↓

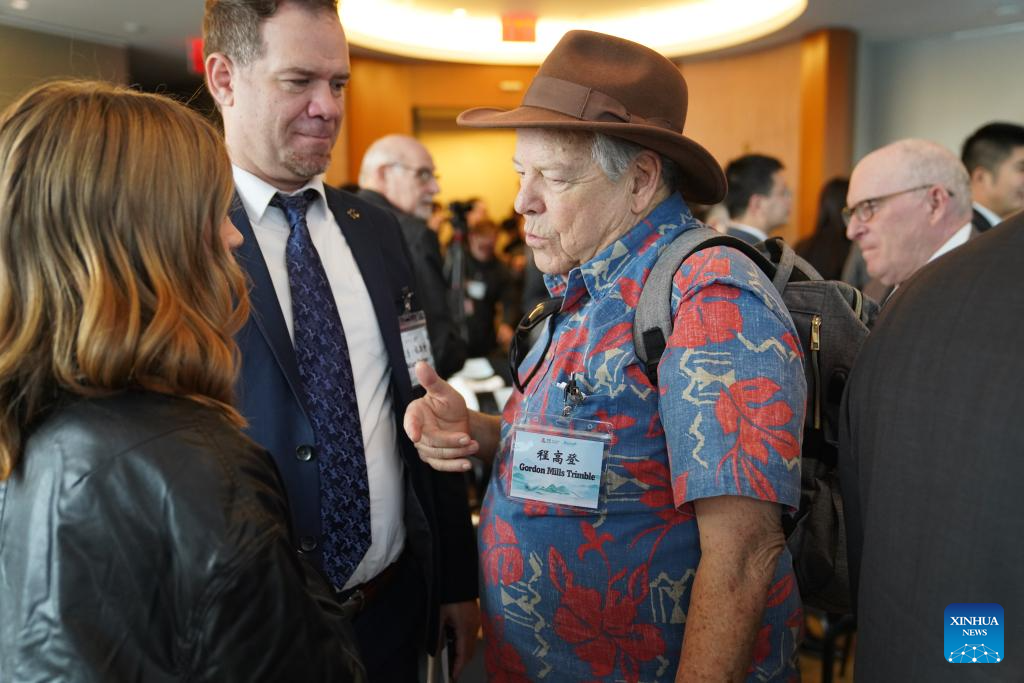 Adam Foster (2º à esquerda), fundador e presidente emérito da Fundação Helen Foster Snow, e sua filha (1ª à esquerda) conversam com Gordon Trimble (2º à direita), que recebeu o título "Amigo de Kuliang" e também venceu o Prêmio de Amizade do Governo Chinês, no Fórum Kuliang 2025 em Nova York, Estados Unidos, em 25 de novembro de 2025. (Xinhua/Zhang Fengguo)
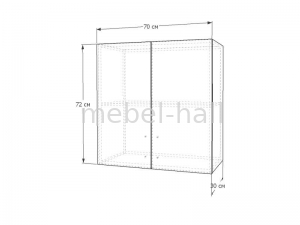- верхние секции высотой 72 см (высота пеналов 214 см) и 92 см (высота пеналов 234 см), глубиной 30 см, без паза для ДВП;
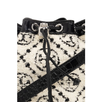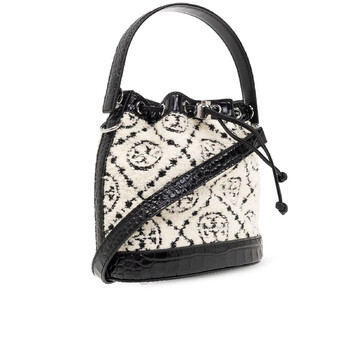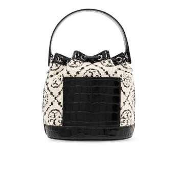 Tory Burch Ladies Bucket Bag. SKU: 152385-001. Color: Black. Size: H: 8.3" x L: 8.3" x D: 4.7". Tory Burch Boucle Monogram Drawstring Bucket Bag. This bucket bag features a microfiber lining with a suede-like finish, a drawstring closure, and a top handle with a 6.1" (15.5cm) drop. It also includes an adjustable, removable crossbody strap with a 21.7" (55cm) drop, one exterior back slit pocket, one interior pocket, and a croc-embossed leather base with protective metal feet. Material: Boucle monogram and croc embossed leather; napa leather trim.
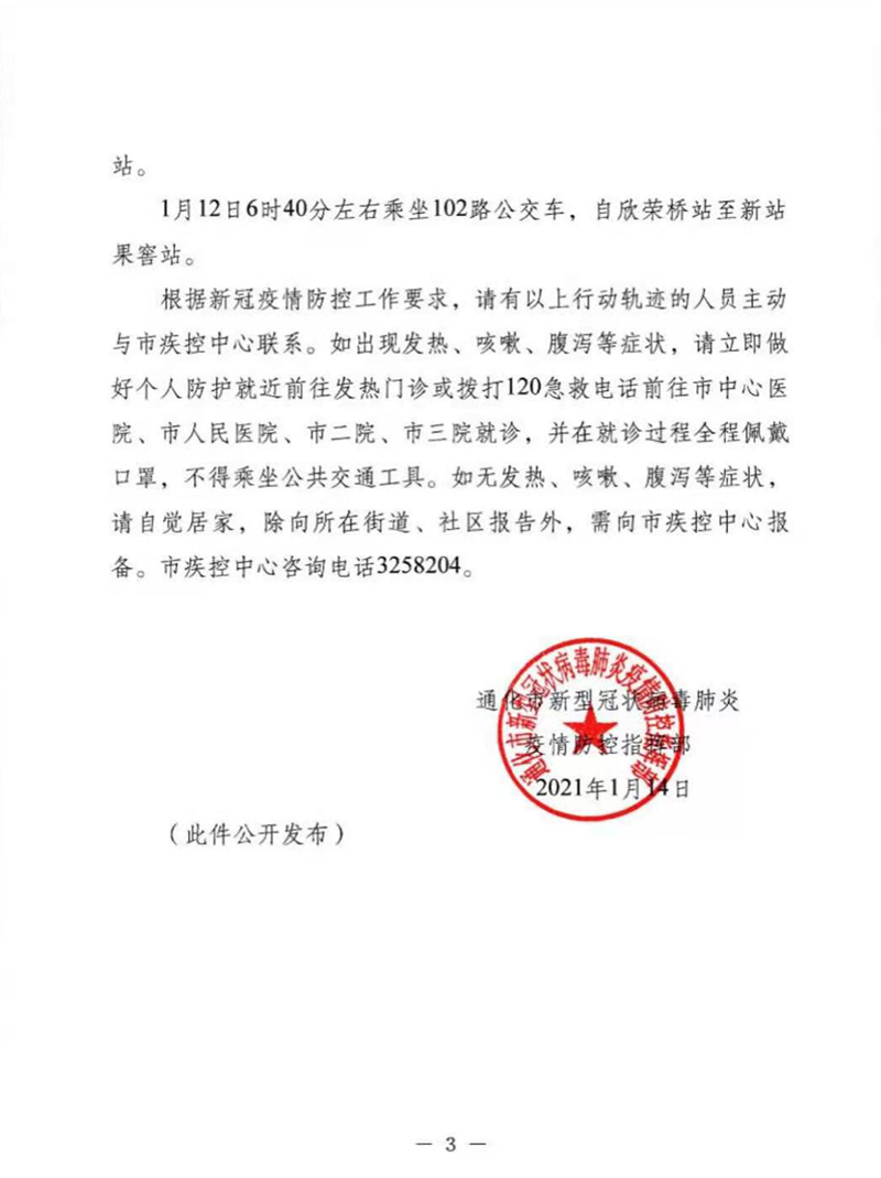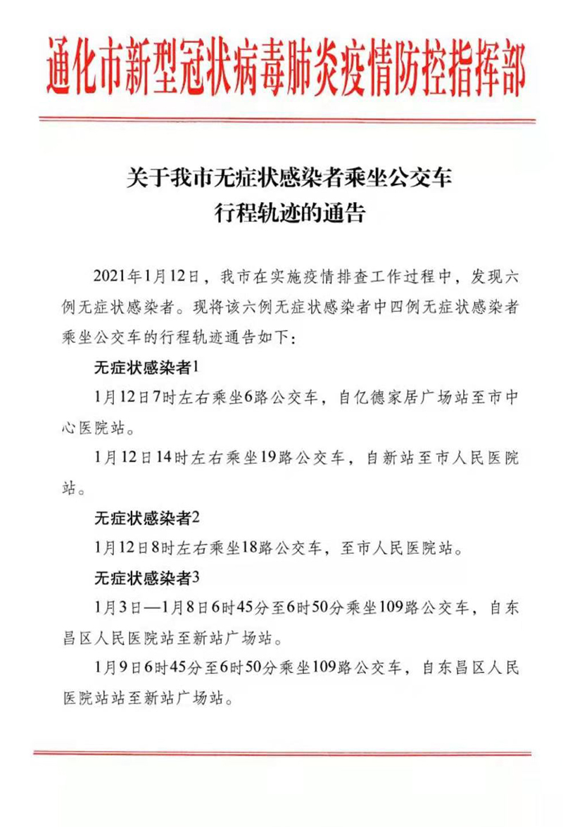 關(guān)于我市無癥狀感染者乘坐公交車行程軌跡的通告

↑

TASK DETAILS |
Copy all the lines of data exactly as they appear, dropping any images.

ANSWER BELOW |
 Adam Foster (2º à esquerda), fundador e presidente emérito da Fundação Helen Foster Snow, e sua filha (1ª à esquerda) conversam com Gordon Trimble (2º à direita), que recebeu o título "Amigo de Kuliang" e também venceu o Prêmio de Amizade do Governo Chinês, no Fórum Kuliang 2025 em Nova York, Estados Unidos, em 25 de novembro de 2025. (Xinhua/Zhang Fengguo)
- верхние секции высотой 72 см (высота пеналов 214 см) и 92 см (высота пеналов 234 см), глубиной 30 см, без паза для ДВП;
 Tory Burch Ladies Bucket Bag. SKU: 152385-001. Color: Black. Size: H: 8.3" x L: 8.3" x D: 4.7". Tory Burch Boucle Monogram Drawstring Bucket Bag. This bucket bag features a microfiber lining with a suede-like finish, a drawstring closure, and a top handle with a 6.1" (15.5cm) drop. It also includes an adjustable, removable crossbody strap with a 21.7" (55cm) drop, one exterior back slit pocket, one interior pocket, and a croc-embossed leather base with protective metal feet. Material: Boucle monogram and croc embossed leather; napa leather trim.
 關(guān)于我市無癥狀感染者乘坐公交車行程軌跡的通告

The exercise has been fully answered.